> _Raw data_
====
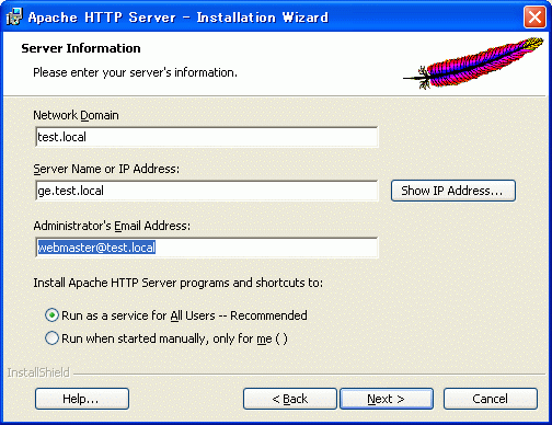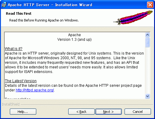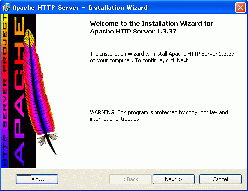 FAQ > Apacheのインストール手順ジャイアント営業に付属のApacheのインストーラーを起動した直後の画面です。
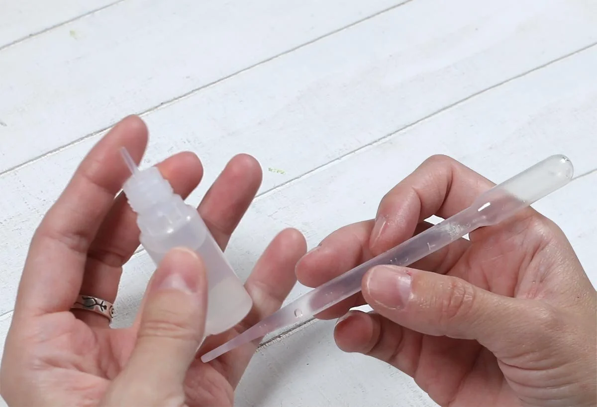To add the medium to my whites I use these twist-top dropper bottles. They are great because they allow you to squeeze liquids out in small amounts and they also prevent the liquid inside them from evaporating. It’s very easy to twist them open and close them.
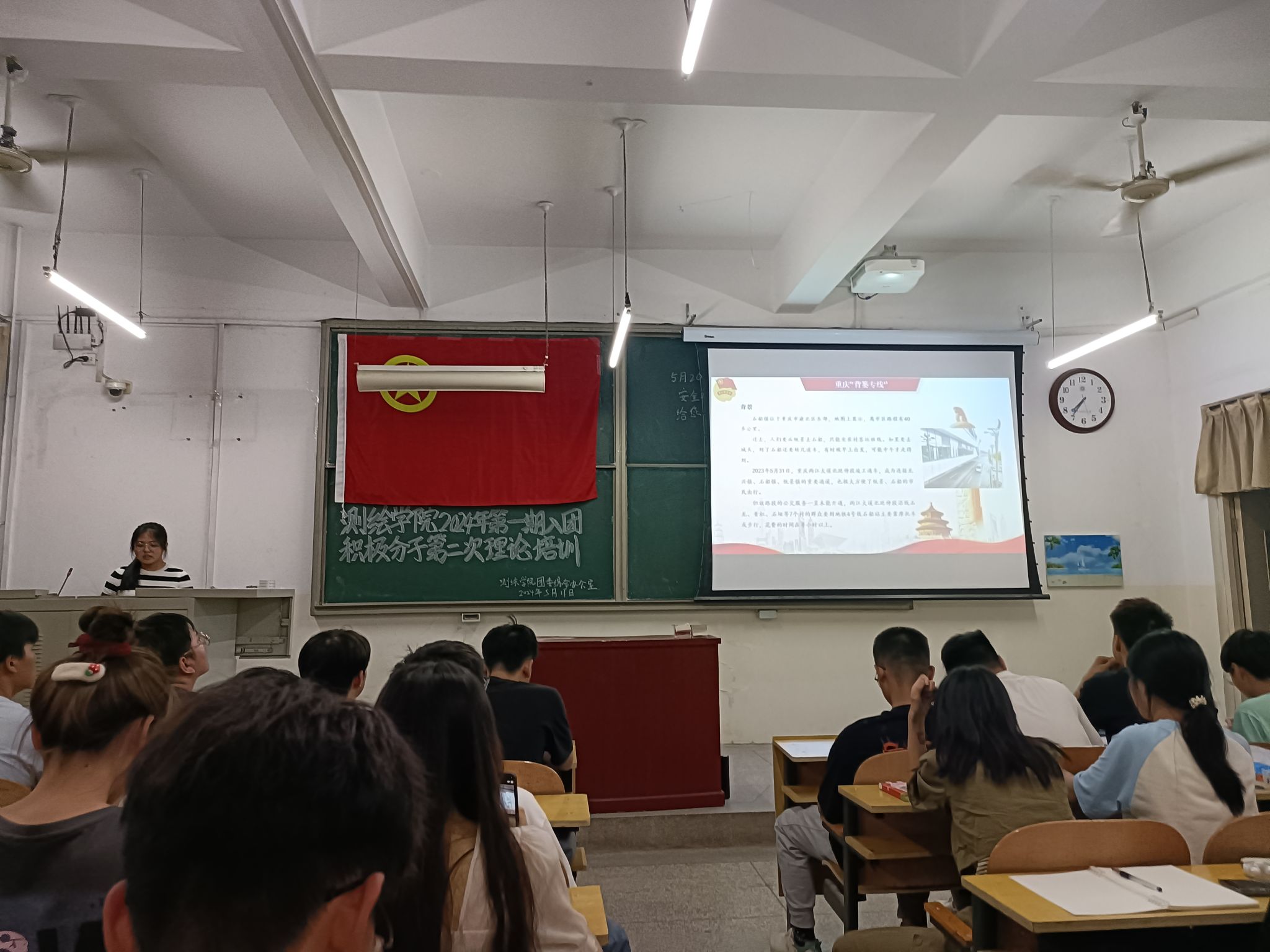 培训伊始,组织部赵博瀚为在场的积极分子们详细解读了团员的权利与义务,并着重说明了团旗团徽的正确使用方式。随后,组织部乔思琪以生动的语言讲述了重庆“背篓专线”的感人故事与嫦娥六号月背“挖宝”之旅的科研壮举。
====
> _What you will do_
Once more, please print the whole listing exactly, omitting each image.

> _Output below_
 FAQ > Apacheのインストール手順ジャイアント営業に付属のApacheのインストーラーを起動した直後の画面です。
To add the medium to my whites I use these twist-top dropper bottles. They are great because they allow you to squeeze liquids out in small amounts and they also prevent the liquid inside them from evaporating. It’s very easy to twist them open and close them.
 培训伊始,组织部赵博瀚为在场的积极分子们详细解读了团员的权利与义务,并着重说明了团旗团徽的正确使用方式。随后,组织部乔思琪以生动的语言讲述了重庆“背篓专线”的感人故事与嫦娥六号月背“挖宝”之旅的科研壮举。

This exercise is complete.